## SUPPLIED MATERIAL
=== Section Start ===

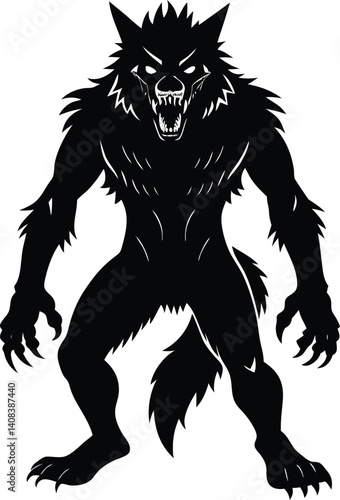 © Mother Of Mahofuj, Obraz premium Silhouette of a Werewolf in a Fearsome Stance Displaying Sharp Teeth and Claws
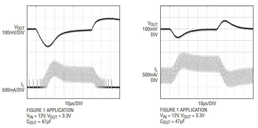 Figure 4. Transient responses for a 25mA to 525mA load step and a 0.5A to 1A load step. The transition between burst mode and full frequency operation is smooth.
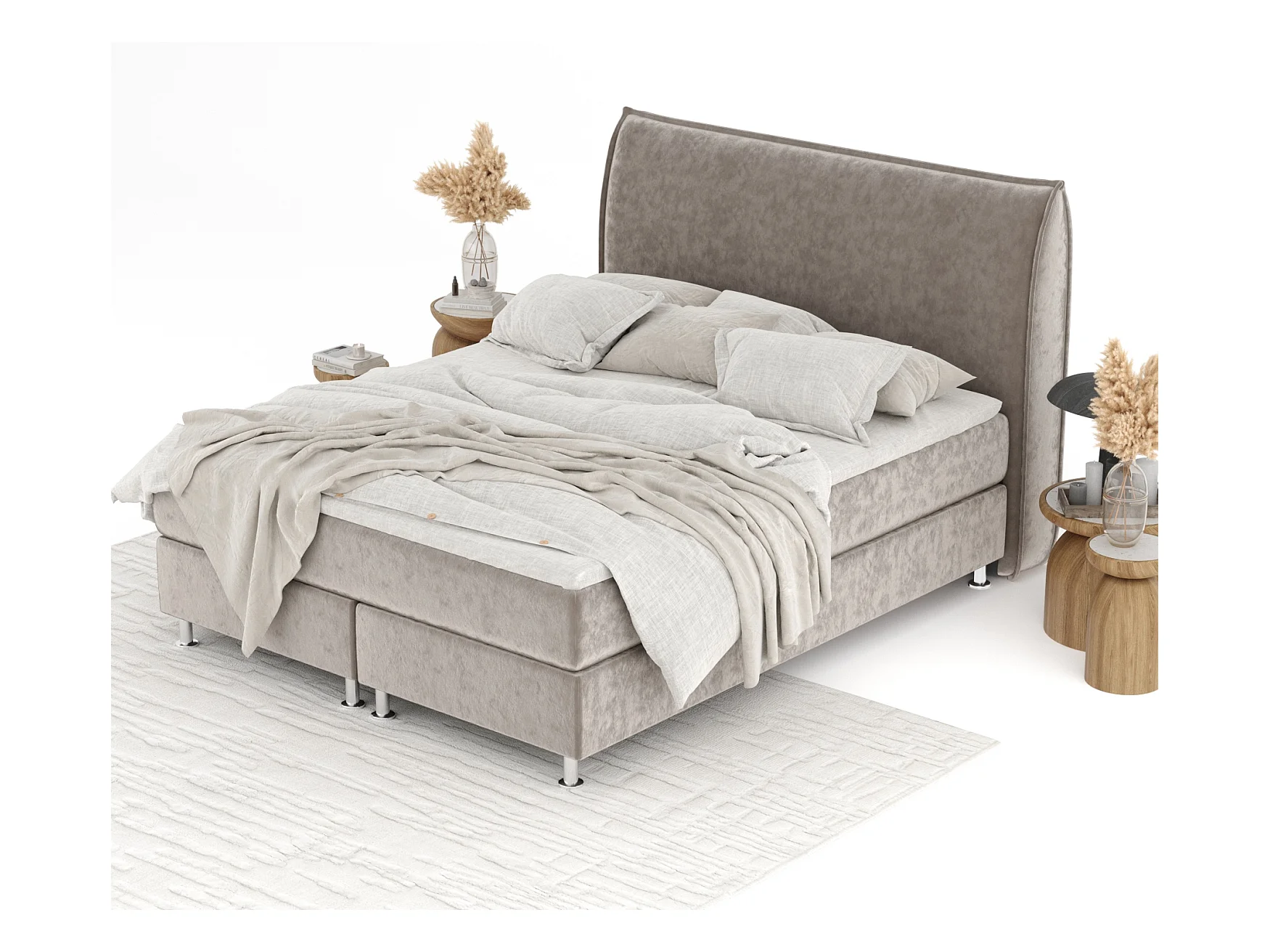 Lit boxspring en tissu velours Chermin - matelas - surmatelas - 180x200 cm - taupe
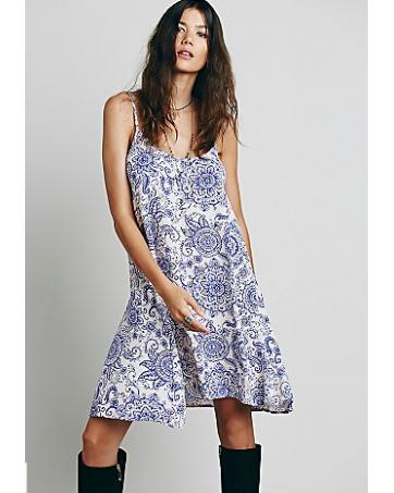 BM71424 Printed Sleeveless Dress Blue
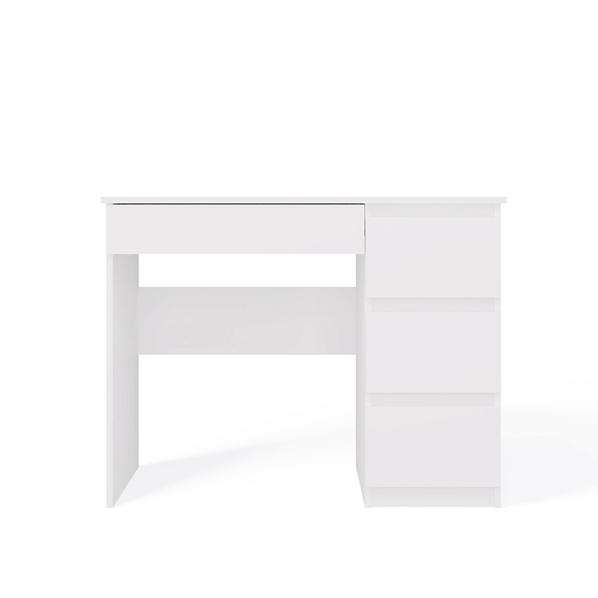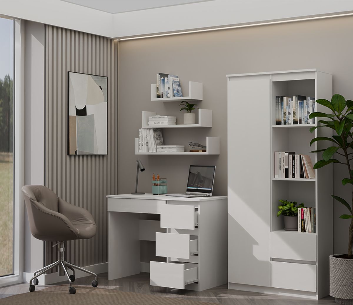 FARBE: WEISS. Das Schreibtischmodell „MIJAS“ eignet sich perfekt für Wohnräume und Büros. Ideal für einen Laptop. Schubladenfronten ohne Griffe. Drei geräumige hohe Schubladen links und eine niedrige rechts. Funktionalität unter der Tischplatte. Schlichtes und modernes Design schafft einen komfortablen Arbeitsplatz. Glatte Seiten ohne Abdeckungen. Einfache Montage. Montageanleitung liegt bei. Tschechischer Hersteller (auf Wunsch kann ich „Polnischer Hersteller“ hinzufügen – bitte geben Sie Ihre Präferenz an). MATERIAL: Korpus und Fronten – 16 mm starke, laminierte Spanplatte.
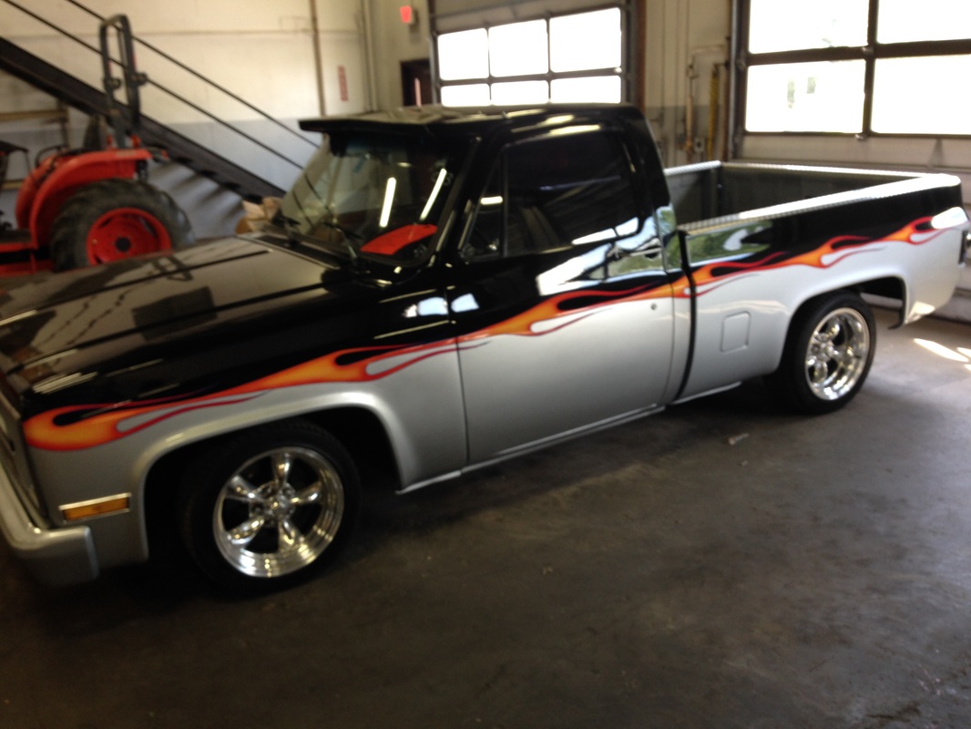 1985 Chevy Custom Shortbed 305 V-8, lowered, custom interior, custom paint & graphics, auto, a/c,new American racing wheels great quality at a low price $12,900
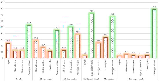 Respondents who use bicycles, e-bikes and motorcycles for the delivery of goods in the largest percentage of cases would choose passenger cars as the preferred transport vehicle for the delivery of goods, viewed from the aspect of road safety, while drivers of electric scooters would in 50% of cases, as well as drivers of light goods vehicles in 72% of cases stayed with their original choice. Drivers who use passenger cars to deliver goods in 78.5% of cases would remain faithful to their choice, viewed from the aspect of road safety (Figure 7).

=== Section End ===

## WORK TASK
Copy only these lines from the records above, exactly: the one with "BM71424 Printed Sleeveless Dress Blue", the one with "1985 Chevy Custom", and those between. Skip the pictures.

## PROBLEM SOLUTION
 BM71424 Printed Sleeveless Dress Blue
 FARBE: WEISS. Das Schreibtischmodell „MIJAS“ eignet sich perfekt für Wohnräume und Büros. Ideal für einen Laptop. Schubladenfronten ohne Griffe. Drei geräumige hohe Schubladen links und eine niedrige rechts. Funktionalität unter der Tischplatte. Schlichtes und modernes Design schafft einen komfortablen Arbeitsplatz. Glatte Seiten ohne Abdeckungen. Einfache Montage. Montageanleitung liegt bei. Tschechischer Hersteller (auf Wunsch kann ich „Polnischer Hersteller“ hinzufügen – bitte geben Sie Ihre Präferenz an). MATERIAL: Korpus und Fronten – 16 mm starke, laminierte Spanplatte.
 1985 Chevy Custom Shortbed 305 V-8, lowered, custom interior, custom paint & graphics, auto, a/c,new American racing wheels great quality at a low price $12,900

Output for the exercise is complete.